Despite ordinances the prohibit this kind of brotherly love she has pledged to continue the literary social service as soon as the cops let her go.

“We have restrictions in place not because we are mean, insensitive, greedy, xenophobic, racist, unhappy, resentful, frightened, suspicious, angry people but simply because we don’t want to be overrun by vagabonds during the winter months,” said a chamber of comments source. “That is our high season and we want to show a calm, collect, affluent and pseudo-tropical face. The last thing we need is needy people on the beach.”

Parvenu insists that sharing knowledge has never been against the law and that the transient population here will not rise or fall because of a few story hours. She adds that stories give many of these people a respite from the horrors of poverty.

“It’s becoming a crime to be poor in this country,” said Parvenu. “I want to see to it that it’s a crime to embrace ignorance.”

If convicted Parvenu will served 30 days in the library rather than pay a fine.

-Kashmir Horseshoe

“Poor Ash Judd…caught up with the Texans and climbed with them yet another snake fence. He saw woods fair ahead. There were such storms of balls emanating from those woods that Ash could could just about see them in the air like insects.”

– from The Confederates by Thomas Keneally

Colorado rescinds mandatory dog ownership

“It’s OK not to have a dog.”

(Crested Butte) The state of Colorado has overturned a decades-long ruling with a sticky provision that had required each new mountain resident to acquire a dog upon arrival to the specific town. The revocation frees residents from canine stipulations and allows for a dog-free household depending on human preferences, needs and capabilities.

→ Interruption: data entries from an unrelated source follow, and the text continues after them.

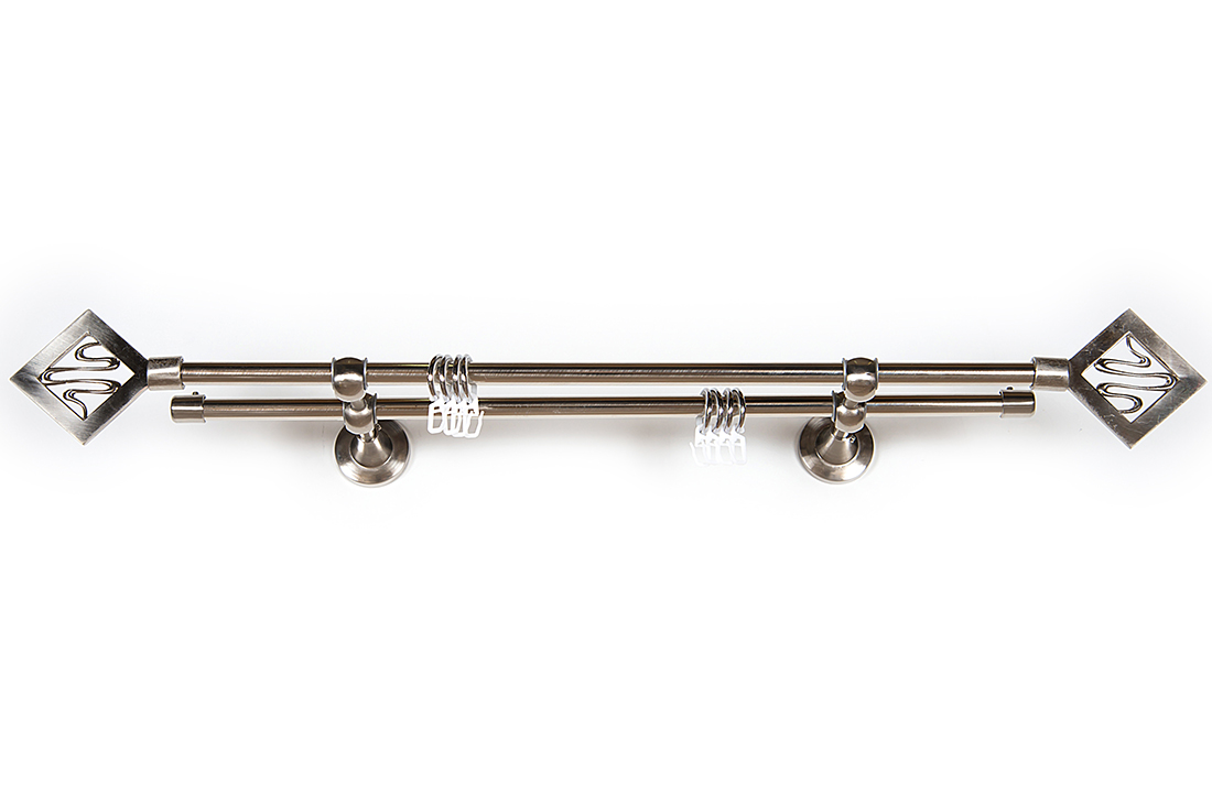 Главная / Каталог / Карнизы / Карнизы металлические для штор / Артметалл двухрядный d16 c наконечниками / Карниз Артметалл двухрядный d16 c наконечниками Ромб Нержавеющая сталь 3200 мм
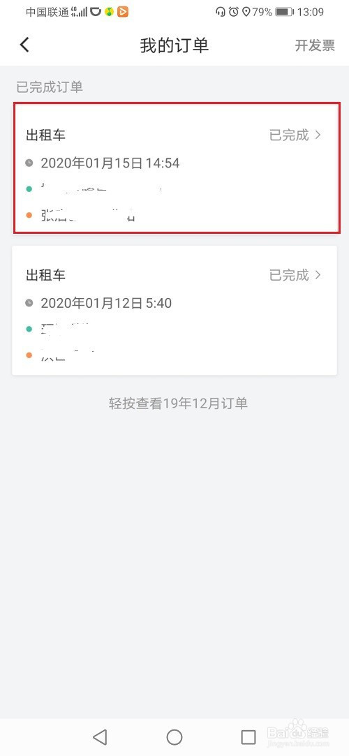 第三步进去订单之后,找到要联系司机的订单,点击进去,如下图所示:
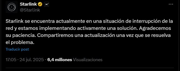 Desde la empresa de Elon Musk informaron a través de X: “Starlink se encuentra actualmente en una situación de interrupción de la red y estamos implementando activamente una solución”.
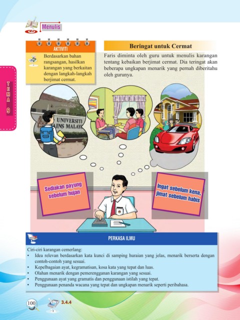 • Penggunaan penanda wacana yang tepat dan ungkapan menarik seperti peribahasa.
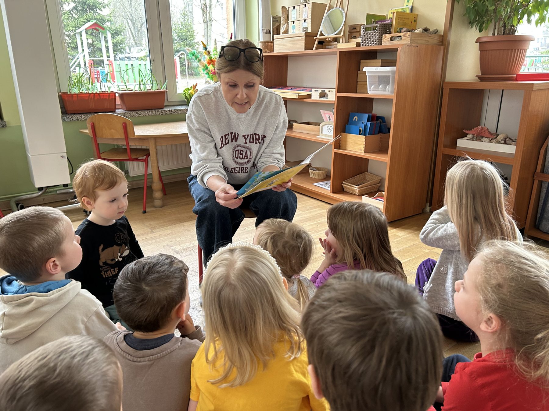 Przedszkolaki zawsze są ciekawe i zainteresowane, gdy przychodzą do nas członkowie rodzin koleżanek lub kolegów z grupy. Tym razem odwiedziła nas babcia Lidzi, która przeczytała dzieciom dwie książeczki o zwierzętach na wsi oraz przygody Kici Koci. Dzieci z zainteresowaniem wysłuchały opowiadań, podzieliły się ich treścią oraz zadawały pytania. Serdecznie dziękujemy za wizytę babci Lidii i czekamy na kolejne:)

The old law, that states clearly that all mountain town residents be required to “own” a dog, was seen by many as a dinosaur that needed to be put to rest. Progressives and conservatives have called the focus on new occupants unconstitutional.

“The law first emerged when there were only a few people around,” said one old timer. “We needed dogs to guard against bear and mountain lions and lord only knows what else is out in these woods. Now there are far too many. Now we have draconian leash laws that make a mockery of running free in the wilds.”

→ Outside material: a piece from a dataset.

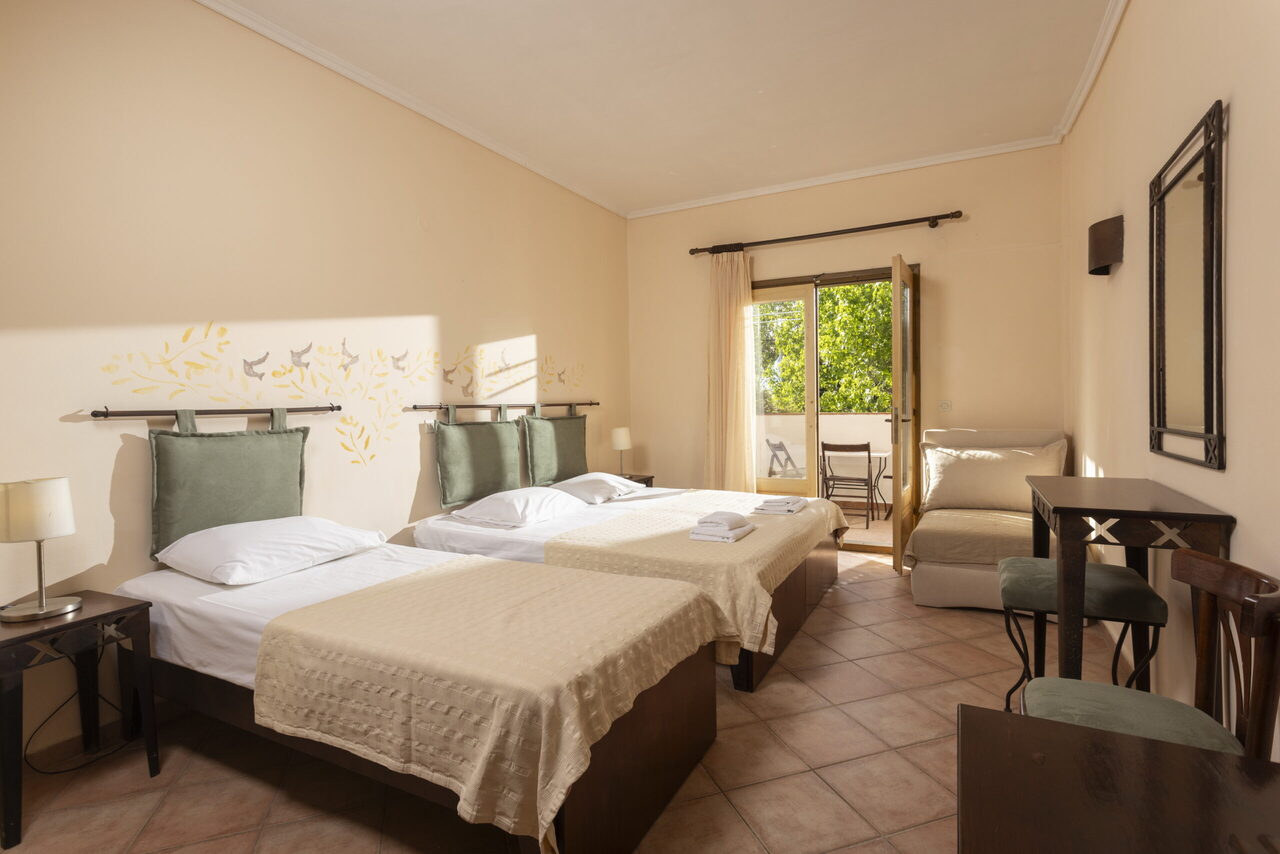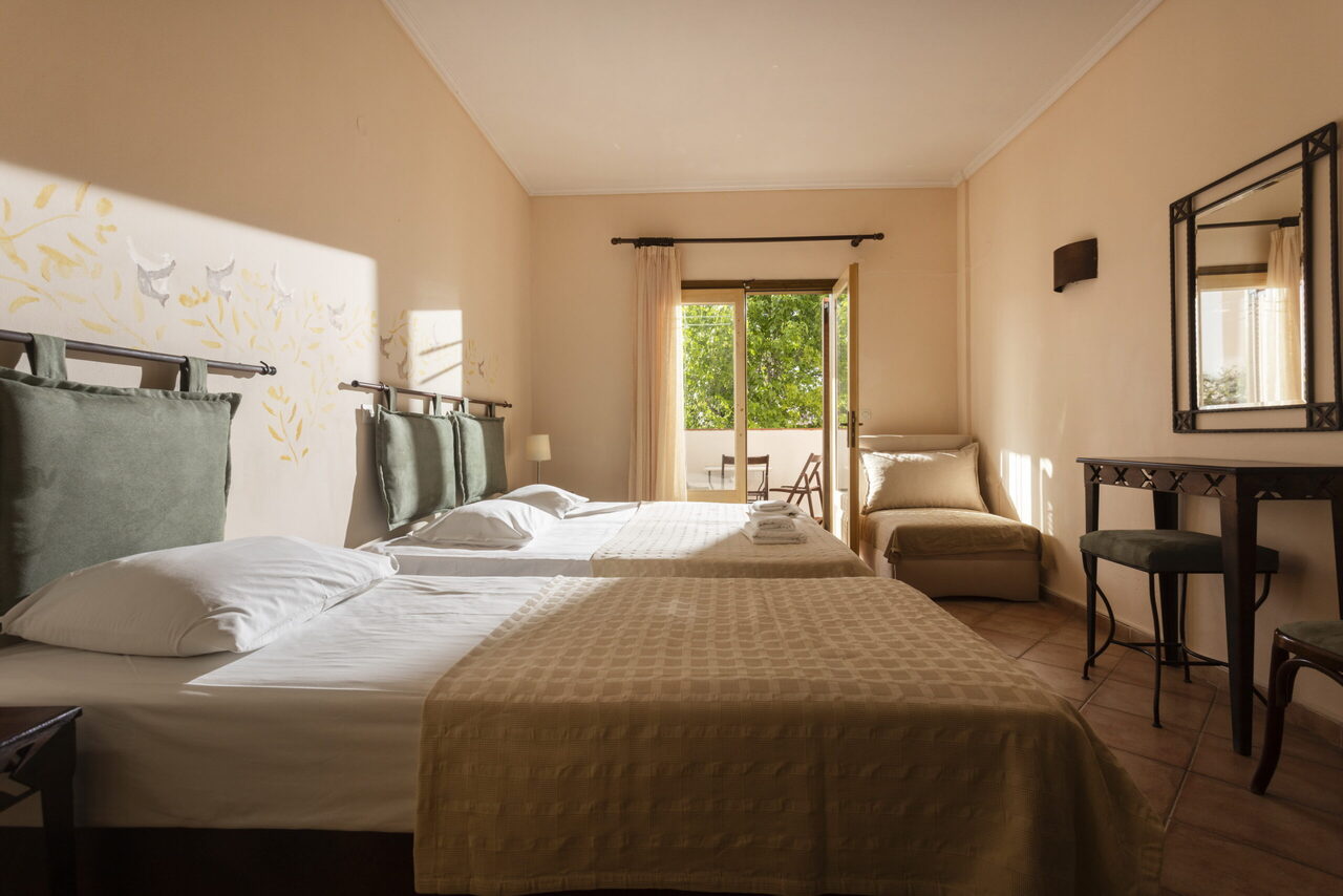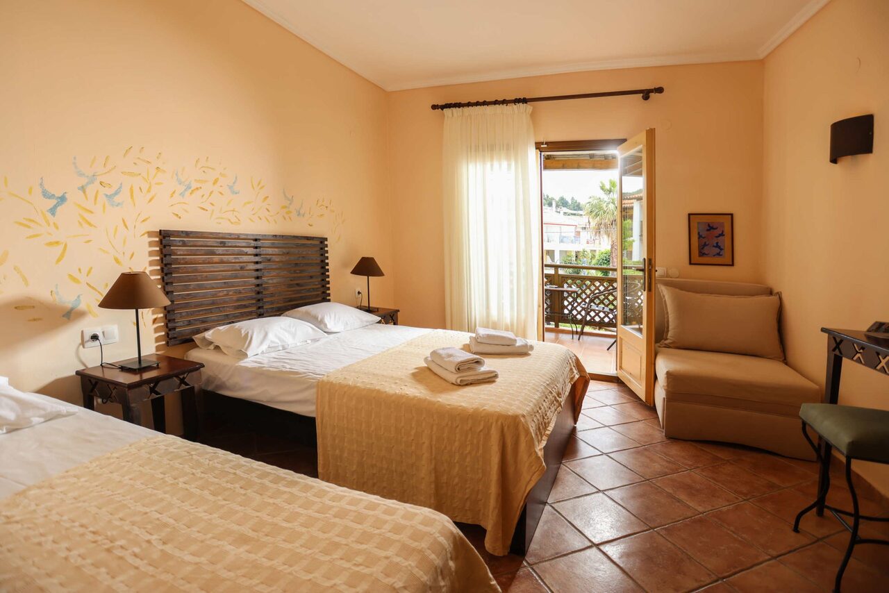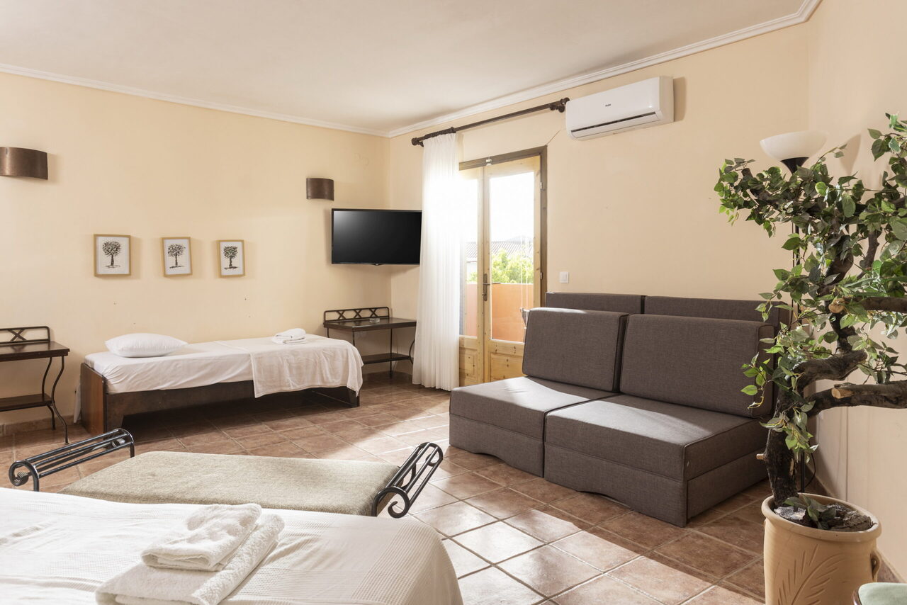 Prostrana porodična soba ima 4 kreveta i pogled sa svog privatnog balkona ili terase. Pod je od pločica/mermera. Dostupni su klima uređaj, sofa na razvlačenje, frižider, TV, električno kuvalo, sušilica za odeću, peškiri, ormar ili plakari, spoljni nameštaj.

The legislation, which goes into affect in 2019, did not undress the irresponsibility of humans, pooper scooping, dogs-at-large or the price of pet food at the local market.

“What a relief,” said one dog owner. “Now people in mountain towns can choose whether they want a dog or not. It’s OK not to have a dog. It doesn’t mean you are insensitive or not tuned into our mute friends. You can still have dogs that are your friends without the closer relationships brought on by such social arrangements as dependence, co-habitation and dramas with cats (if there is one on premises).”

Most people here in the upper Gunnison Valley say the new law will not affect them since they have a dog and everyone seems pretty happy with the day to day exchanges between human and canine. Many feel dogs will enjoy more freedom if there are fewer living here.

– Kashmir Horseshoe

Council drags heels on hooker restrictions

(Knuckles County) Despite the urgings of established citizen clusters, civil liberties factions, night owls, early risers, bar flies and congregations the Mañana town Council has yet to make a decision on street walkers.

The illicit behavior, in the crosshairs since money for sex became illegal here in 1944, has always been brushed aside by deniers, while remaining a whisper by patrons. Now lawmakers must decide whether to tolerate this kind of behavior within town limits.

Fathers and mothers don’t talk about that kind of thing but that doesn’t make it go away. Local interest is constant with activity increasing with booms and yet holding its own during recessions.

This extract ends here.